## Problem
Your answer should contain only the lines from the top of the data below down through the one with "bán 2 ghế Mỹ", transcribed exactly and without pictures; please include nothing more.

## Data for this exercise
--------------------------------------------------

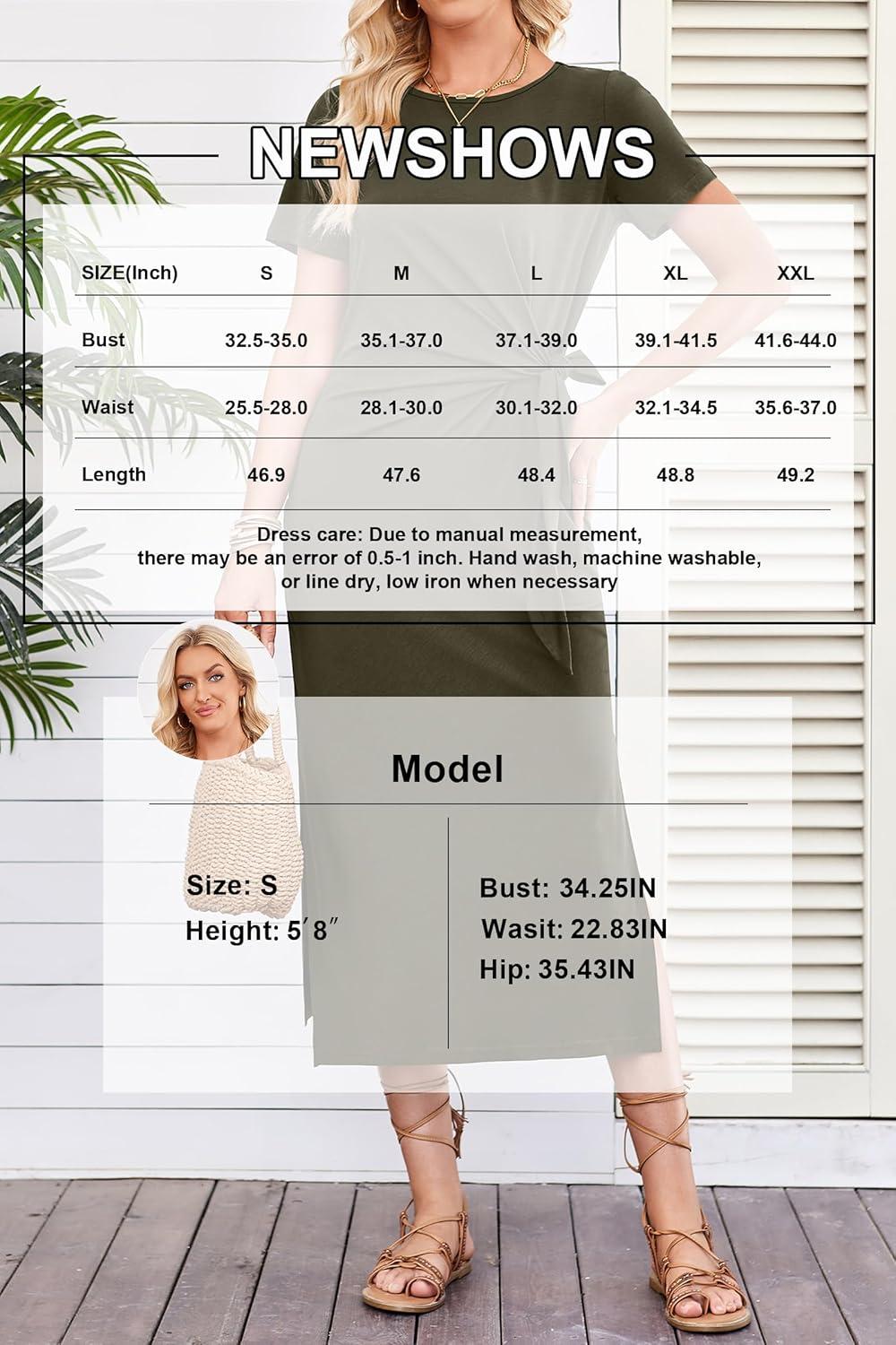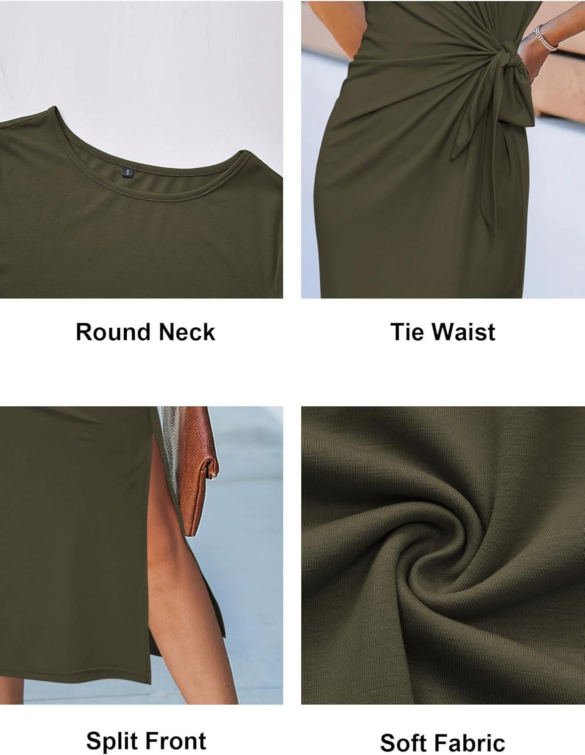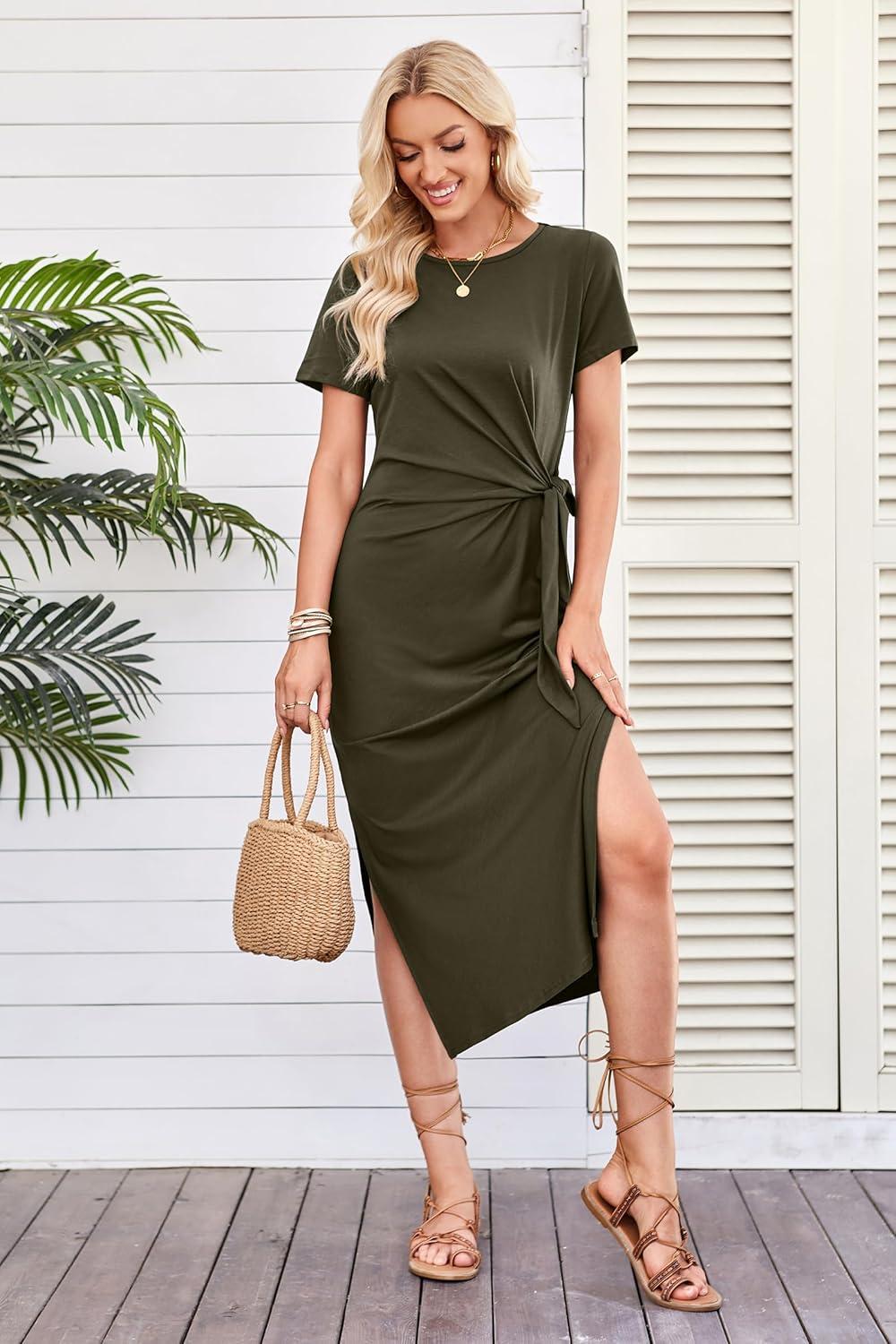 Newshows Women 2025 Summer Casual Dress Tie Waist T Shirt Short Sleeve Beach Crew Neck Slit Maxi Trendy(Army Green)
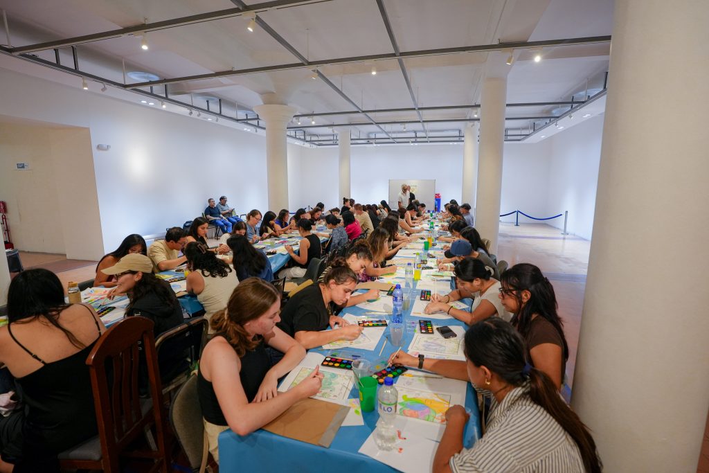 El taller “Experiencia de color mediante la acuarela” estuvo a cargo de Rodolfo Espinosa, reconocido por su trayectoria en la escena artística nacional e internacional. Durante la sesión explicó técnicas de aplicación del color y recorrió cada mesa brindando orientación directa a los asistentes, quienes pintaron una de sus ilustraciones y se llevaron a casa su propia obra.
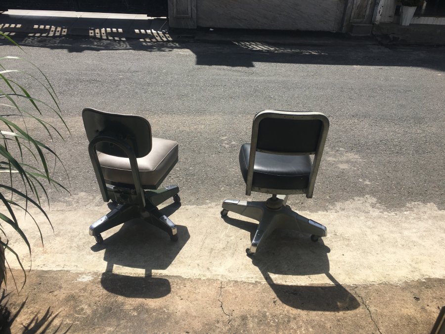 bán 2 ghế Mỹ xưa sử dụng tốt, bánh zin đẹp. Cái nệm mài đen giá 1,6 triệu đồng. Cái nệm màu trắng xám giá 2,4 triệu đồng
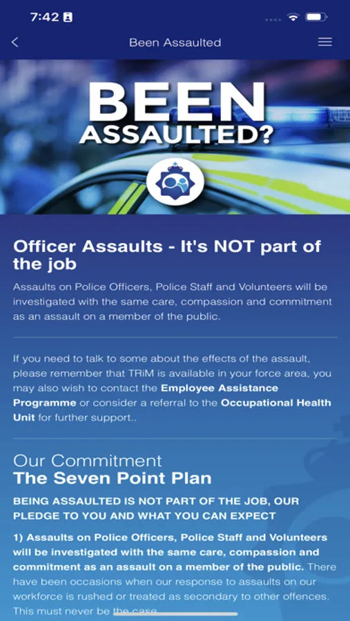 The App covers a range of problems faced by officers and staff in the Police service, such as anxiety, stress, PTSD (Post Traumatic Stress Disorder), depression, eating disorders, self-harm and more. It gives practical advice and support on how officers can maintain good mental health, spot warning signs for themselves and others, plus advice on how to get help for themselves and colleagues.
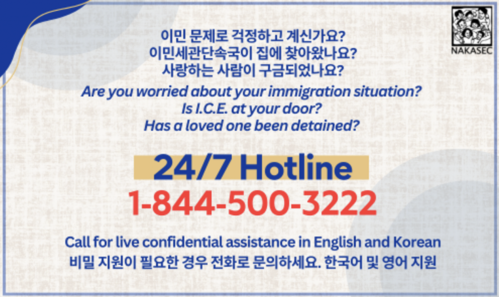 한편, 미교협은 이민세관단속 및 이민, 구금과 관련해 핫라인을 구축 운영하고 있다.

--------------------------------------------------

## Task output
 Newshows Women 2025 Summer Casual Dress Tie Waist T Shirt Short Sleeve Beach Crew Neck Slit Maxi Trendy(Army Green)
 El taller “Experiencia de color mediante la acuarela” estuvo a cargo de Rodolfo Espinosa, reconocido por su trayectoria en la escena artística nacional e internacional. Durante la sesión explicó técnicas de aplicación del color y recorrió cada mesa brindando orientación directa a los asistentes, quienes pintaron una de sus ilustraciones y se llevaron a casa su propia obra.
 bán 2 ghế Mỹ xưa sử dụng tốt, bánh zin đẹp. Cái nệm mài đen giá 1,6 triệu đồng. Cái nệm màu trắng xám giá 2,4 triệu đồng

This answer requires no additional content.